3.2 Capitalization. The authorized capital stock of the Company,
immediately prior to the Closing, will consist of twenty million (20,000,000)
shares of Common Stock, four hundred seventy-five thousand (475,000) shares of
which are issued and outstanding, and sixteen million (l6,000,000) shares of
preferred stock, of which (i) five million twenty-five thousand (5,025,000)
shares are designated Series A Convertible Preferred Stock, all of which are
issued and outstanding, (ii) ten thousand, six hundred thirty-five (10,635)
shares are designated Series B Convertible Preferred Stock, all of which are
issued and outstanding, and (iv) ten million (10,000,000) shares are designated
Series C Convertible Preferred Stock, none of which is issued and outstanding.
(The Series A Convertible Preferred Stock, the Series B Convertible Preferred
Stock and the Series C Convertible Preferred Stock are collectively referred to
as the "Preferred Stock".) All issued and outstanding shares of the Company's
Common
2
Stock, Series A Convertible Preferred Stock and Series B Convertible Preferred
Stock have been duly authorized and validly issued and are fully paid and
nonassessable. Except as set forth on the Disclosure Schedule there are no
outstanding options, warrants or other rights to purchase from the Company any
of its securities.
3.3 Subsidiaries. The Company has no Subsidiaries.
3.4 Authorization; Binding Obligations. All corporate action on the part
of the Company, its officers, directors and stockholders necessary for the
authorization of this Agreement, the performance of all obligations of the
Company hereunder and under the Stockholders Agreement and for the
authorization, sale, issuance and delivery of the Shares has been taken or will
be taken at or prior to the Closing. When issued in compliance with the
provisions of this Agreement and upon conversion of the Convertible Notes, the
Shares will be validly issued, fully paid and nonassessable. The Conversion
Shares have been duly and validly reserved for issuance and, when issued upon
conversion of the Series C Preferred Stock in accordance with the terms of the
Certificate, will be validly issued, fully paid and nonassessable. This
Agreement and the Stockholders Agreement have been duly executed by the Company
and constitute valid and binding obligations of the Company enforceable in
accordance with their terms except (i) as limited by applicable bankruptcy,
reorganization, insolvency, moratorium and similar laws affecting the rights of
creditors generally (ii) as limited by laws relating to the availability of
specific performance, injunctive relief or other equitable remedies and (iii) to
the extent the indemnification provision contained in the Stockholders Agreement
may be limited by applicable federal or state securities laws.

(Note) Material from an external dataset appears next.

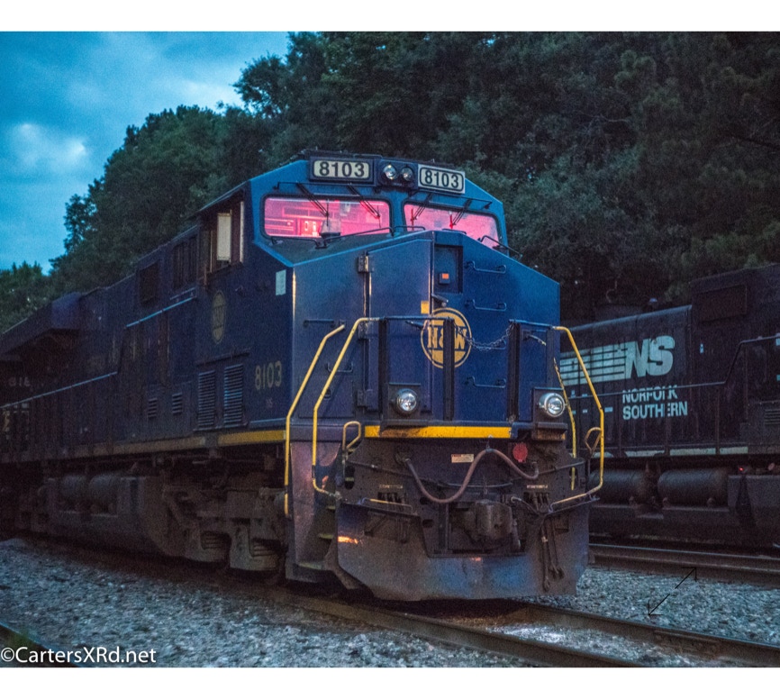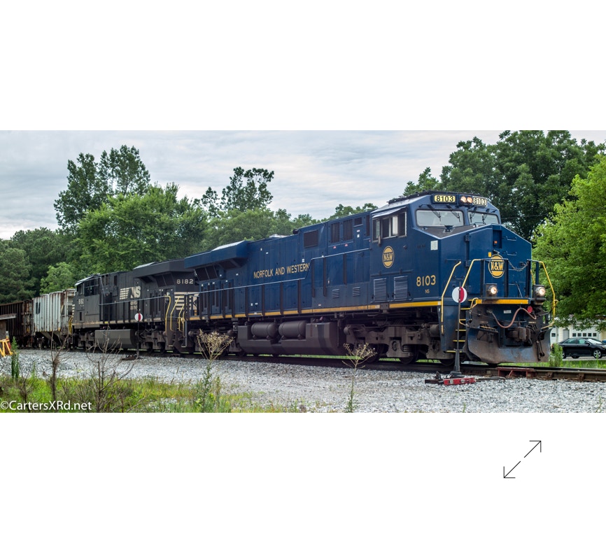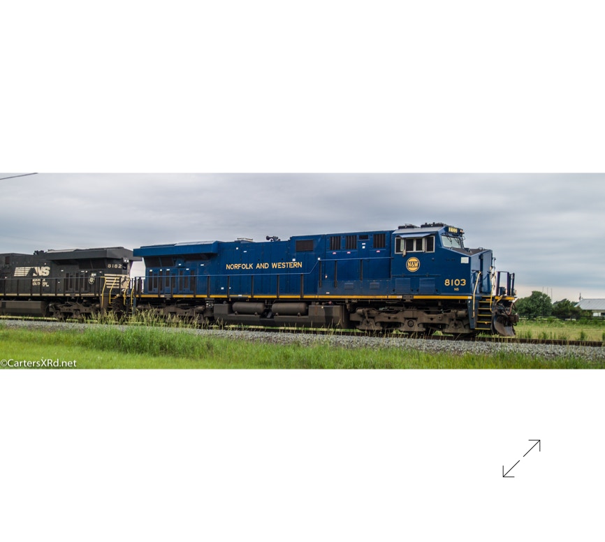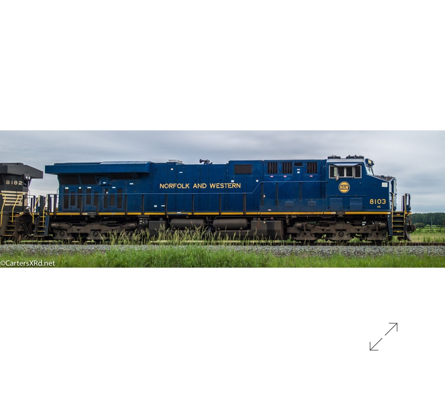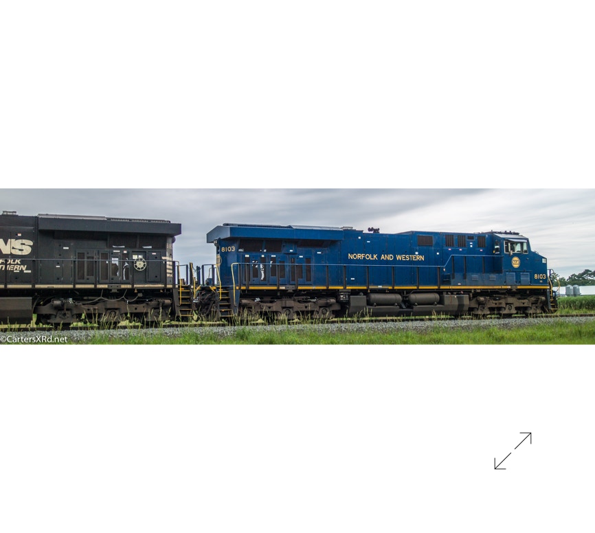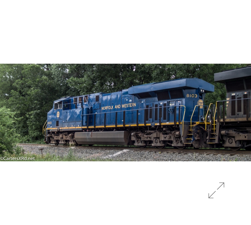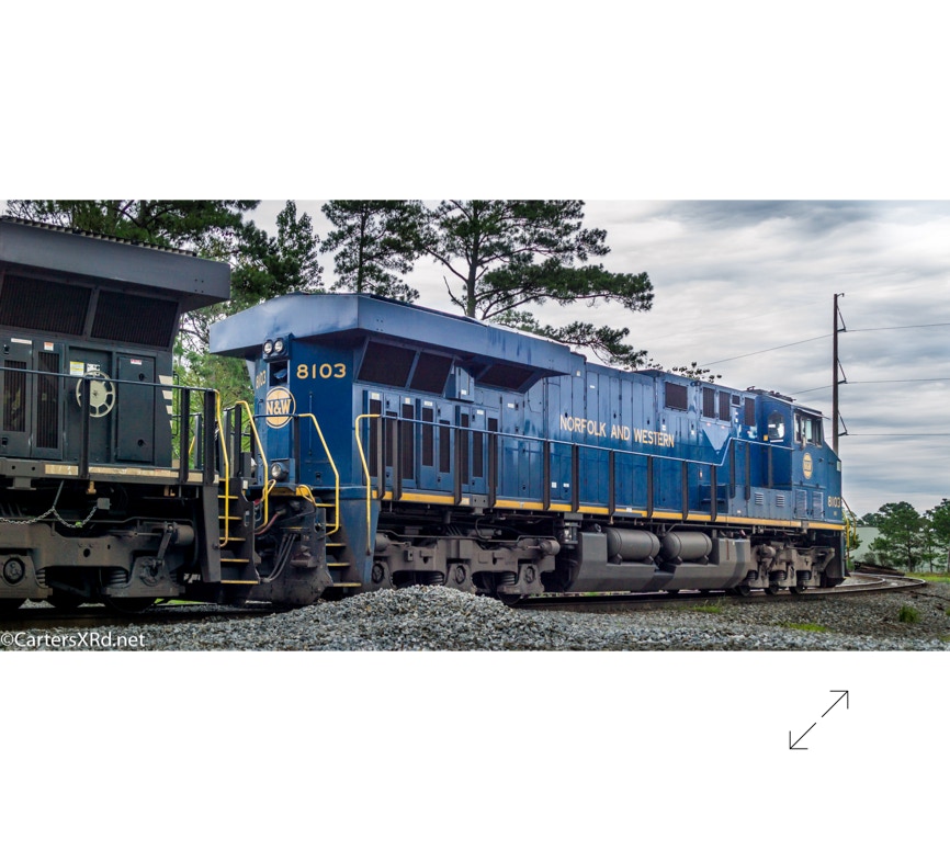 Norfolk Southern did a salute some years ago to all the railroads which were absorbed into Norfolk Southern over the years. They painted a locomotive in the colors of the old railway. The Norfolk & Western commemorative visited Chocowinity June 23. Norfolk and Western was the result of more than 200 railroad mergers between 1838 and 1982 when it became part of Norfolk Southern Railway. 8103 is a 2012 GE ES44AC. There is a small gallery of stills here as well as a short video. Scroll down for slideshow.

3.5 Consents and Approvals. No filings with, notices to, or approvals of
any governmental or regulatory body are required to be obtained or made by the
Company in connection with the consummation of the transactions contemplated
hereby except for filings pursuant to state securities laws (all of which have
been made by the Company, other than those which are required to be made after
the Closing and which will be duly made on a timely basis).
3.6 No Violations. The execution and delivery of this Agreement and the
Stockholders Agreement and the performance by the Company of its obligations
hereunder and thereunder (i) do not and will not conflict with or violate any
provision of the certificate of incorporation, as amended, (including the
Certificate), or bylaws of the Company and (ii) do not and will not (a) conflict
with or result in a breach of the terms, conditions or provisions of, (b)
constitute a default under, (c) result in the creation of any encumbrance upon
the capital stock or assets of the Company pursuant to, (d) give any third party
the right to modify, terminate or accelerate any obligation under, (e) result in
a violation of, or (f) require any authorization, consent, approval, exemption
or other action by or notice to any court or administrative or governmental body
or other third party pursuant to, any law, statute, rule or regulation or any
agreement or instrument or any order, judgment or decree to which the Company is
subject or by
3
which any of its assets are bound which would have a material adverse effect on
the assets, financial condition or operations of the Company.
3.7 Financial Statements; Interim Changes. The Company's audited balance
sheet as of December 31, 1997 and audited statements of operations and cash
flows of the Company for the 12-month period ended December 31, 1997 and the
Company's unaudited balance sheet as of April 30, 1998 (the "Latest Balance
Sheet") and unaudited statements of operations and cash flows of the Company for
the 4-month period ending April 30, 1998 delivered to the Purchasers in
connection with the investment contemplated hereby have been prepared in
accordance with generally accepted accounting principles consistently applied
(subject to normal year-end adjustments and the absence of footnote disclosures)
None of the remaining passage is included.